The auction of cotton reserves begins tomorrow, according to the statement posted on the cottonchina.org Web site.
“With this much more cotton coming to the market, it further dampens any hope that the government will issue any further import quotas,” Dong said. “This is bearish for New York cotton as well.”
Cotton futures for July delivery fell 0.37 cent, or 0.6 percent, to 56.78 cents a pound on ICE Futures U.S. in New York. The most-active contract has dropped 20 percent in the past year as the global recession reduced consumer spending on clothing and textiles. China is the largest buyer of U.S. fiber.
Zhengzhou Futures Fall
Cotton futures for September delivery on the Zhengzhou Commodity Exchange dropped 0.8 percent to 13,340 yuan a ton. The near-month July contract fell 0.4 percent to 13,060 yuan.

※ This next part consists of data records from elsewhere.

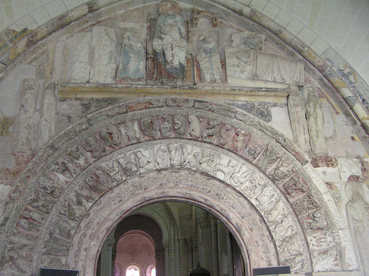 Castle of Loches, portal of the collegiate church Saint-Ours
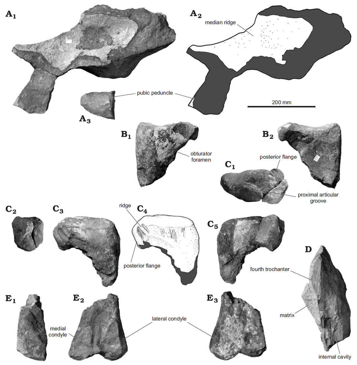 Tetanuran theropod Cruxicheiros newmanorum gen. et sp. nov. pelvic bones (WARMS 15771) and right femur (WARMS 15770) from the Chipping Norton Limestone Formation, Bathonian of the United Kingdom. A. Left ilium in lateral view (A1, A2) and pubic peduncle in ventral view (A3). B. Left pubis in lateral (B1) and medial (B2) views. C. Proximal portion of right femur in proximal (C1), medial (C2), posterior (C3, C4) and anterior (C5) views. D. Shaft fragment of right femur in lateral view. E. Distal portion of right femur in medial (E1), posterior (E2) and anterior (E3) views.
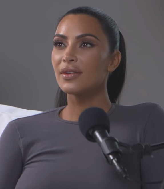 Kim Kardashian at the podcast Pretty Big Deal with Ashley Graham in 2018
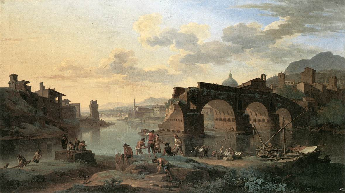 "River View with the Ponte Rotto" by Jacob de Heusch. Painted in 1696. Jacob de Heusch (1656–1701) Alternative namesGiacomo de Heusch, Afdruk, CopiaDescription Dutch painter and draughtsman Date of birth/death23 November 1656 (baptised)8 May 1701Location of birth/deathUtrechtAmsterdamWork locationRome (1675-1692)Authority control VIAF: 95850887 ISNI: 0000 0001 1690 5099 ULAN: 500027432 LCCN: nr98026392 WGA: 63c10526-0108-4aac-a19d-34b14d916f81 WorldCat
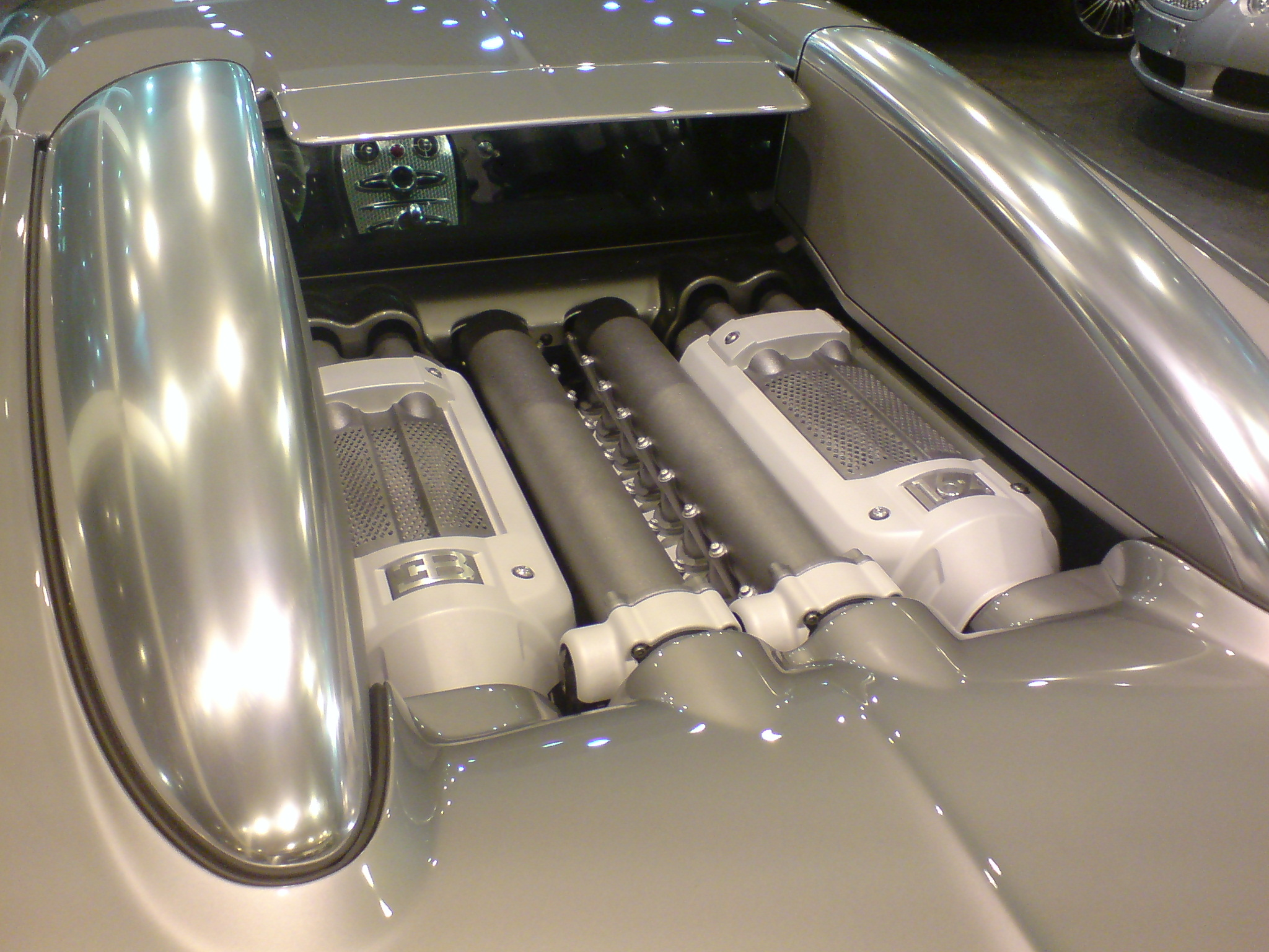 Bugatti Veyron 2008, Veyron's W16, 8.0 cc engine with 4 turbo charges.
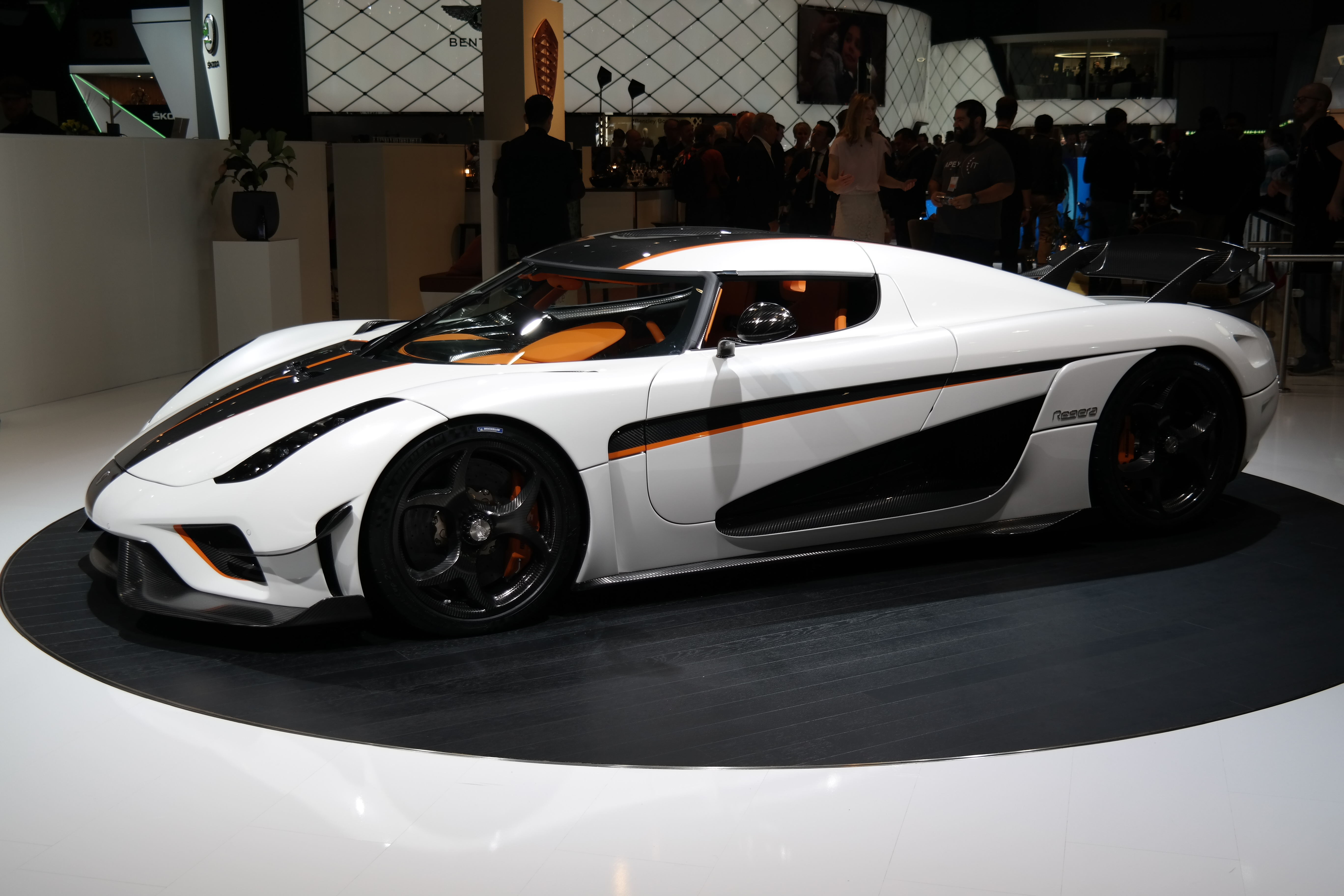 Geneva Motor Show 2018 (photo taken on the first press day)
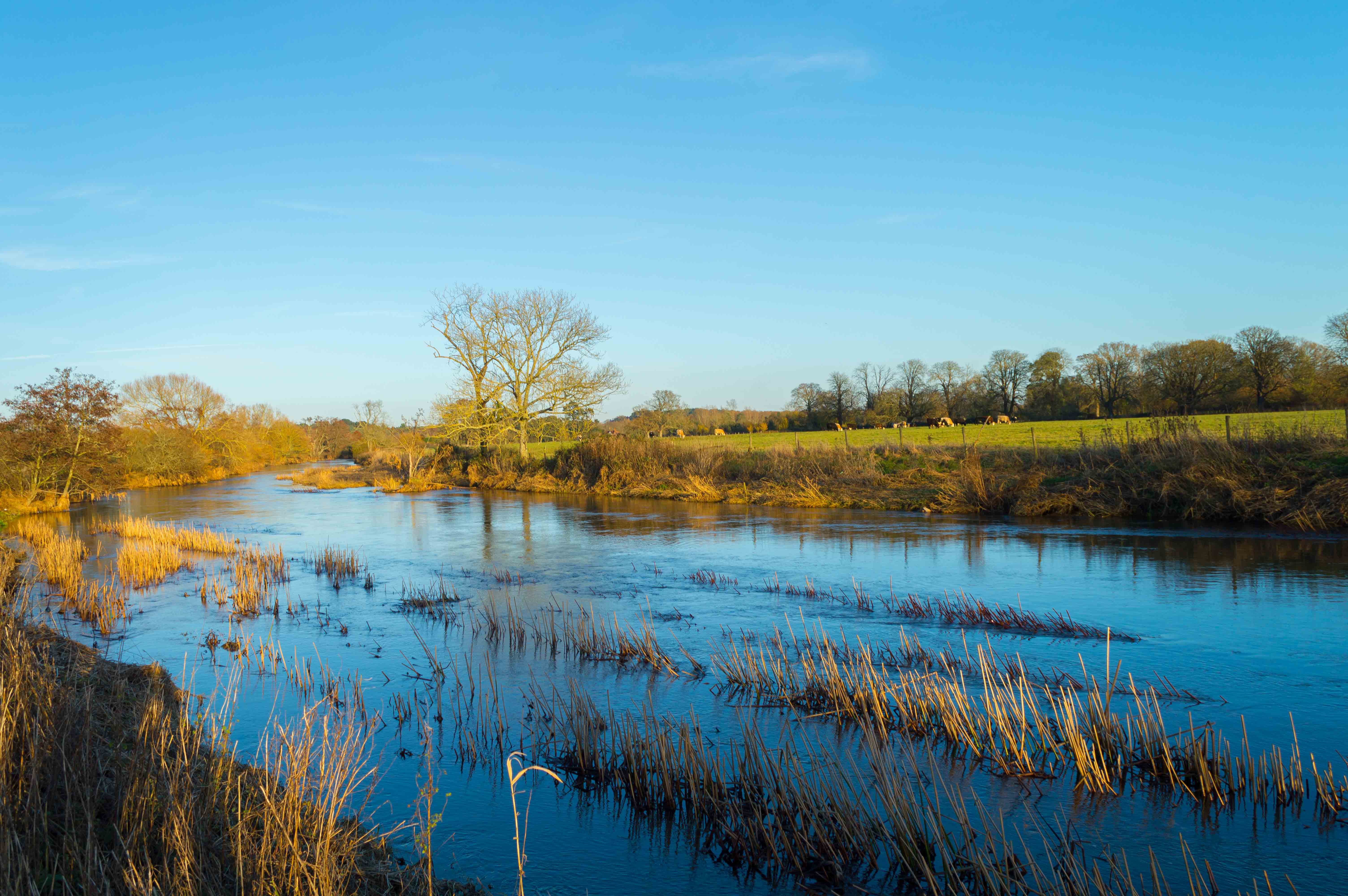 The River Stour at Little Canford, Dorset, just East of Canford School

With current forward prices in China at about 87 cents a pound, tomorrow’s sale should “cap world prices until this cotton is absorbed,” John Flanagan, the president of Flanagan Trading Corp. in Fuquay-Varina, North Carolina, said by e-mail.
The government chose to announce the sale at a time when planting is almost over, so it wouldn’t diminish growers’ interest in planting the crop, Jinshi’s Dong said. The cotton is priced below the market, probably for the purpose of boosting profit margins for textile producers, he said.
By April, China’s state reserves had purchased 2.72 million tons of cotton, taking about one-third of last year’s output off the market in an effort to boost falling prices.